By providing a strong brief to writers and offering document templates, setting word counts and specifying maximum page counts, executives have a structure to follow that helps them understand and focus on what the board needs to know.
Contributors should be reminded that the board is not concerned with fine operational detail. The board seeks to gain insight and inform decisions that strategically position the organization for the future. Where are the risks and opportunities? What are the challenges that might prevent the organisation from achieving its objectives?
Encourage contributors to include data visualisation. Reams of prose are hard to digest and demand a lot of time and concentration from directors, when often a simple graphic can offer the same insight in a more impactful way.
3. Ask for executive summaries
In addition to the main paper, ask contributors to draft a one-page executive summary explaining:
- Why the paper is being brought to the board i.e. the material importance of the issue
- What the board is being asked to discuss, review, or decide after reading it
- The key data points that are presented and the conclusions reached.
This executive summary is a useful tool for directors in the meeting itself, who can consult it as a quick reference and aide-memoire during discussions. It keeps the conversation focused on what the board is being asked to achieve.
Adopting a more prescriptive approach to board paper format and executive summaries means writers know what is expected of them. This is also a benefit for senior executives, who are typically just as pressed for time as the directors for whom they are writing the report.
4. Use a template for board packs – consistency is key
There are two aspects to this, one related to format and the second to content. First, a consistent layout, format and navigation style for board packs helps directors by building familiarity.

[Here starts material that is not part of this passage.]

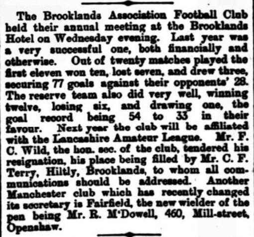 • Brooklands publicly announced at their AGM on 21 June 1893 that they were joining the new league, now named as the Lancashire Amateur League
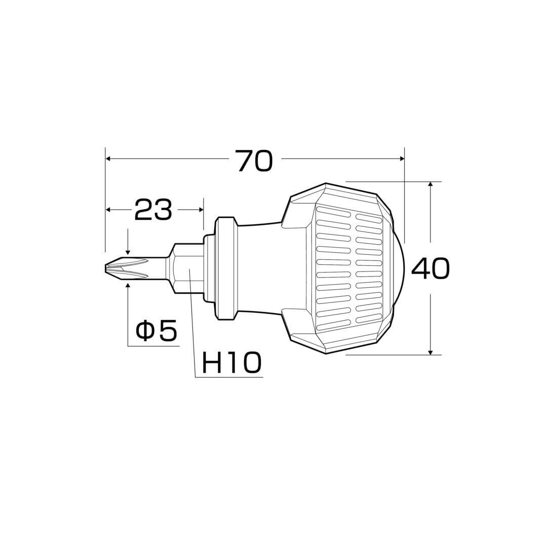 ●製品寸法:全長70mm、軸長23mm、軸径5mm丸軸、ボルスターH10mm、ハンドル最大径36mm

They know what to expect and how to navigate the pack, saving time both during preparation and in the meeting itself. If you are using board management software, the pack should be built around the agenda, with clickable links to the relevant supporting material for each item.
The second area where consistency is key is in reporting key performance indicators. Once KPIs have been identified, they should be reported in every board pack so trends can be identified. These KPIs should cover all aspects of the business including human resources, corporate social responsibility, for example, not just financial performance. This is particularly important right now, where ESG performance is having a visible impact on overall business performance.
The providers of these KPIs should be given standing calendar reminders that their data is due for submission well in advance of the deadline for sharing the board pack.
5. Evaluate and improve
If the board is not getting the right information, at the right time, in the right format, the business needs to know. Assessment of the quality and usability of board packs should be a standing item in the board evaluation schedule. This can be accomplished on an ongoing basis by including questions about board packs in post-meeting director questionnaires, but it should also be examined in more detail during the formal board evaluation process.
Board packs should help the organisation by providing the right information to the right people at the right time to enable effective decision-making. A successful board pack is one of the building blocks of good corporate governance, helping directors serve the organisation better and making the best use of their time and expertise. Getting it right will pay dividends across the business.